Vinculin and talin: focus on the myocardium

Abstract

Cardiomyopathy is a heart muscle disease caused by decreased contractility of the ventricles leading to heart failure and premature death. Multiple conditions like ischemic heart disease (atherosclerosis), hypertension, diabetes, viral infection, alcohol abuse, obesity and genetic mutations can lead to cardiomyopathy. Single gene mutations in sarcomeric proteins, Z-disk-associated proteins, membrane/associated proteins, intermediate filaments, calcium cycle proteins as well as in modifier genes have been linked to cardiomyopathy. Clinical practice guidelines have been formulated by the American Heart Association and the Heart Failure Association of America on how to genetically evaluate patients with cardiomyopathy. To illustrate the concept that alterations in genes cause cardiovascular disease, this review will focus on two membrane-associated proteins, vinculin and talin. We will discuss the general function of vinculin/metavinulin as well as talin1 and talin2, with emphasis on what is understood about their role in the cardiac myocyte and in whole heart.
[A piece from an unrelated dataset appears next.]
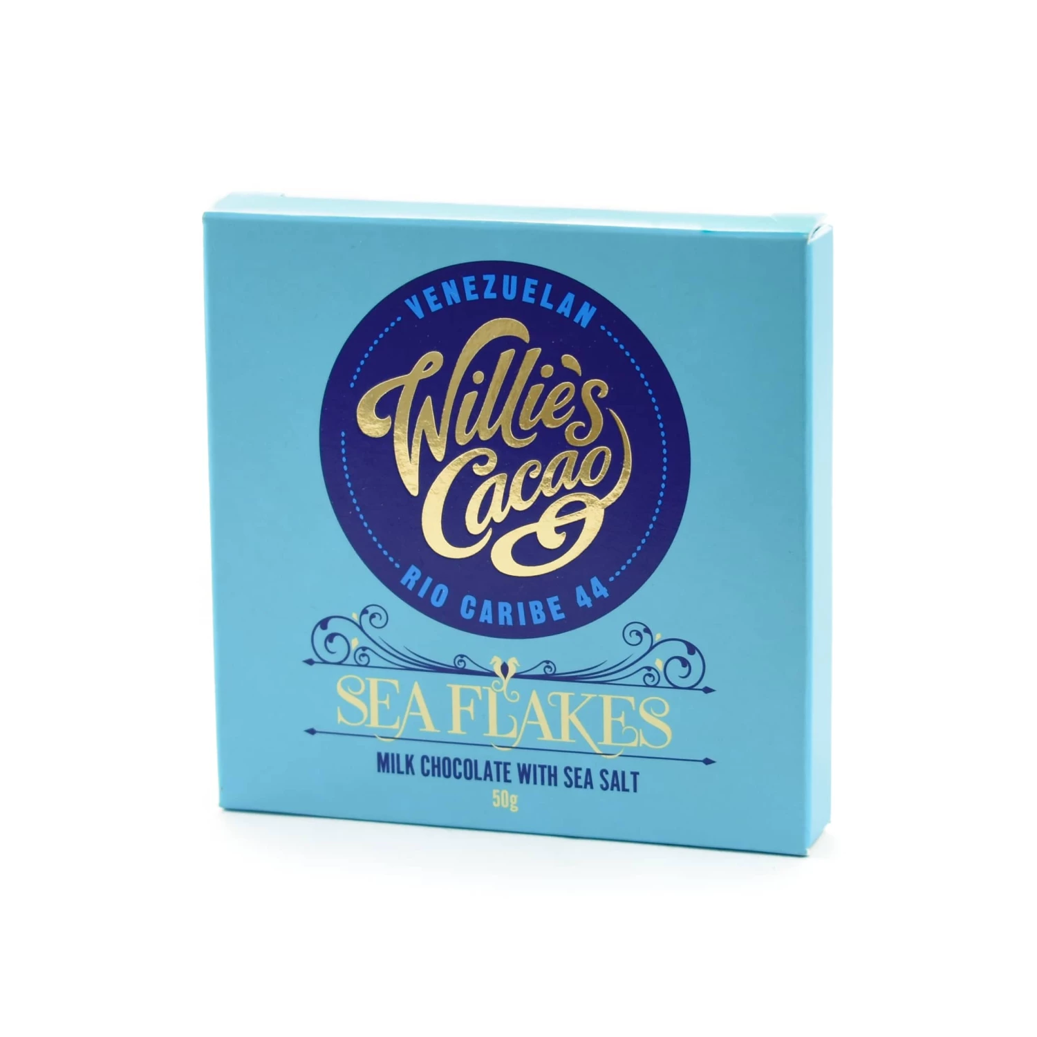Willie’s Cacao milk chocolate with sea salt is 100% natural, made with Rio Caribe milk chocolate. The Venezuelan cocoa is pure and creamy, with sea salt flecks adding a gentle crunch. You can enjoy this 44% milk chocolate straight from the packet, or add chunks to cookies for a sweet, salty kick.
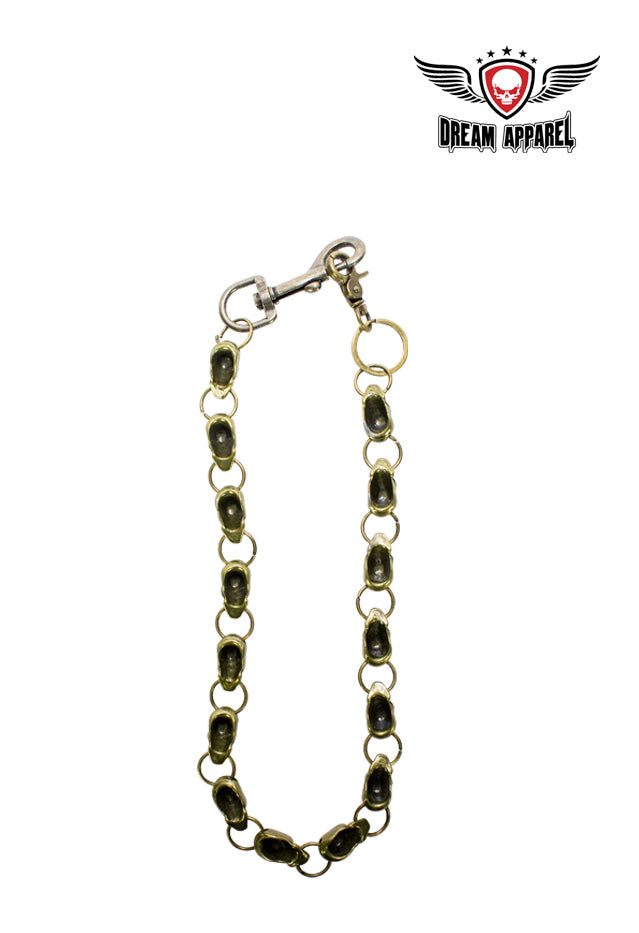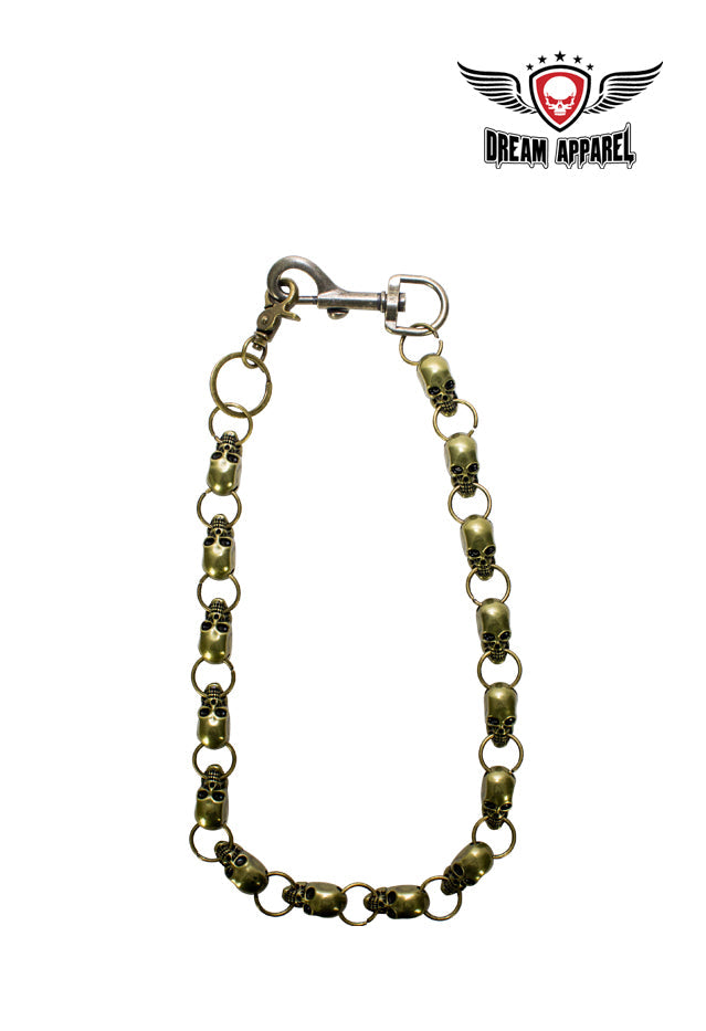 Bikers are always looking to stand out and Dream Apparels the way to do it! This beautifully crafted biker chain gives you an antique finish making it quite the real eye-catcher. This chain gives you a hardcore bikerlook. The chain is made up of 15 small skulls each holding the next with a heavy duty ring. Towards each end, a lobster clasp is placed allowing quick and easy attachment and detachment.To take it a step further we've used two different size clasps which enable you to hook onto almost anything. High quality zinc material covers the chain making it a gorgeous choice. At 25 inches, this chain is long and tough. If you're looking for a biker chain thats going to last long and look good, this ones for you!

Figure 1. Costameric Proteins and the Intercalated Disk of two adjacent cardiac myocytes

Shown are some of the key structural elements of the costameric protein complex of the cardiac myocyte, including ones linked to the integrin-talin-vinculin axis, as well as the dystrophic-glycoprotein complex (DGC). The intercalated disk (ICD) structure providing mechanical and electrical linkage of myocytes is also shown. The ICD mechanical linkages include the desmosomes and the adherens (cadherin-containing) junctions, while electrical coupling of cells occurs at gap junctions (gap j.) which contain connexins (Cx) such as Cx43. This diagram is provided to orient the reader to the location of vinculin and talin (arrows) within the cell, but is clearly a simplified version of costamere and ICD.